Print every record exactly, omitting all pictures.

__INPUT__:
>>>

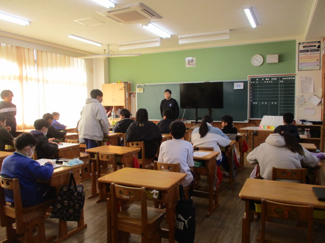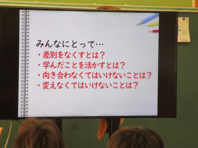 原田さんには、ご自身がこれまで考えたり経験したりしたことを中心に話をしていただきました。部落問題だけでなくいじめなどの人権問題はする側に責任があることを教えていただいたり、もしも困っている人がいた場合、自分はどの立場に立つのかなどについて考える機会を与えていただいたりしました。子どもたちにとっての教室を自分たちの社会と考え、それをつくっている1人として、自分は何ができるのか、何をするべきなのかなど、具体的に身近なこととして考えることができました。
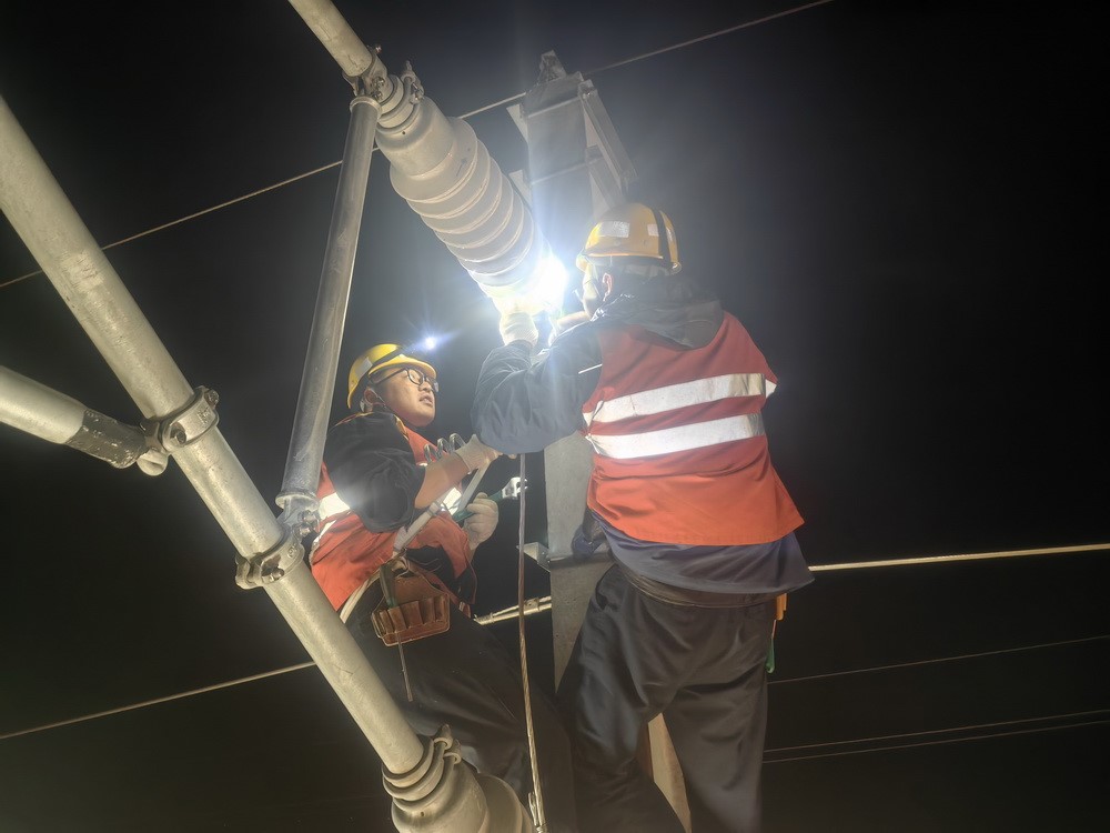 深夜22点,中国铁路青藏集团有限公司西宁供电段鸟岛接触网工区的接触网工们头戴头灯在鸟岛站场内夜间作业,调整接触网相关参数,做好绝缘关节、线岔、交叉线索间距等检测检查,防范弓网故障隐患,确保列车的安全供电和平稳运行。
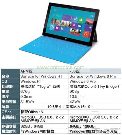 微軟的平板終端名為“Surface”,微軟讓Windows 8平板終端繼承了支持觸摸操作的桌面型計算機的名稱。新款終端備有配備ARM架構(gòu)SoC的“Surface for Windows RT”,以及配備x86處理器的“Surface for Windows 8 Pro”兩款機型,前者將與Windows 8同時上市(圖1)。
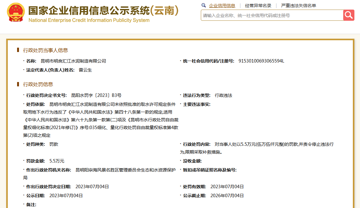 另外,根據(jù)國家企業(yè)信用信息公示系統(tǒng)公開信息顯示,昆明市明良匯江水泥制造有限公司未依照批準(zhǔn)的取水許可規(guī)定條件取用地下水,被昆明陽宗海風(fēng)景名勝區(qū)管理委員會生態(tài)和水資源保護(hù)局處罰。
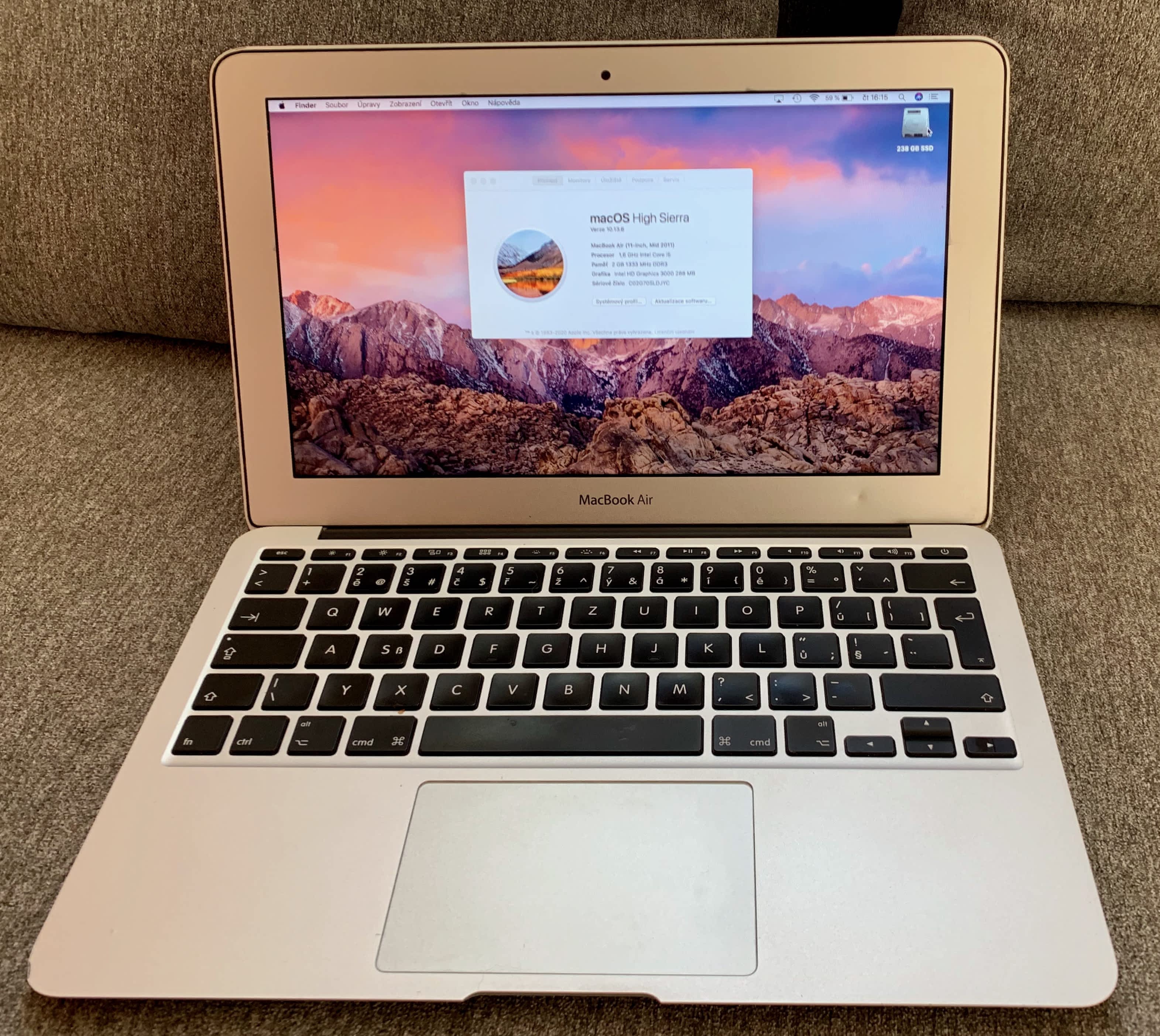 Prodám hliníkový Macbook Air 11 palcový (mid 2011) česká podsvícená klávesnice

<<<

__WRITTEN SOLUTION__:
 原田さんには、ご自身がこれまで考えたり経験したりしたことを中心に話をしていただきました。部落問題だけでなくいじめなどの人権問題はする側に責任があることを教えていただいたり、もしも困っている人がいた場合、自分はどの立場に立つのかなどについて考える機会を与えていただいたりしました。子どもたちにとっての教室を自分たちの社会と考え、それをつくっている1人として、自分は何ができるのか、何をするべきなのかなど、具体的に身近なこととして考えることができました。
 深夜22点,中国铁路青藏集团有限公司西宁供电段鸟岛接触网工区的接触网工们头戴头灯在鸟岛站场内夜间作业,调整接触网相关参数,做好绝缘关节、线岔、交叉线索间距等检测检查,防范弓网故障隐患,确保列车的安全供电和平稳运行。
 微軟的平板終端名為“Surface”,微軟讓Windows 8平板終端繼承了支持觸摸操作的桌面型計算機的名稱。新款終端備有配備ARM架構(gòu)SoC的“Surface for Windows RT”,以及配備x86處理器的“Surface for Windows 8 Pro”兩款機型,前者將與Windows 8同時上市(圖1)。
 另外,根據(jù)國家企業(yè)信用信息公示系統(tǒng)公開信息顯示,昆明市明良匯江水泥制造有限公司未依照批準(zhǔn)的取水許可規(guī)定條件取用地下水,被昆明陽宗海風(fēng)景名勝區(qū)管理委員會生態(tài)和水資源保護(hù)局處罰。
 Prodám hliníkový Macbook Air 11 palcový (mid 2011) česká podsvícená klávesnice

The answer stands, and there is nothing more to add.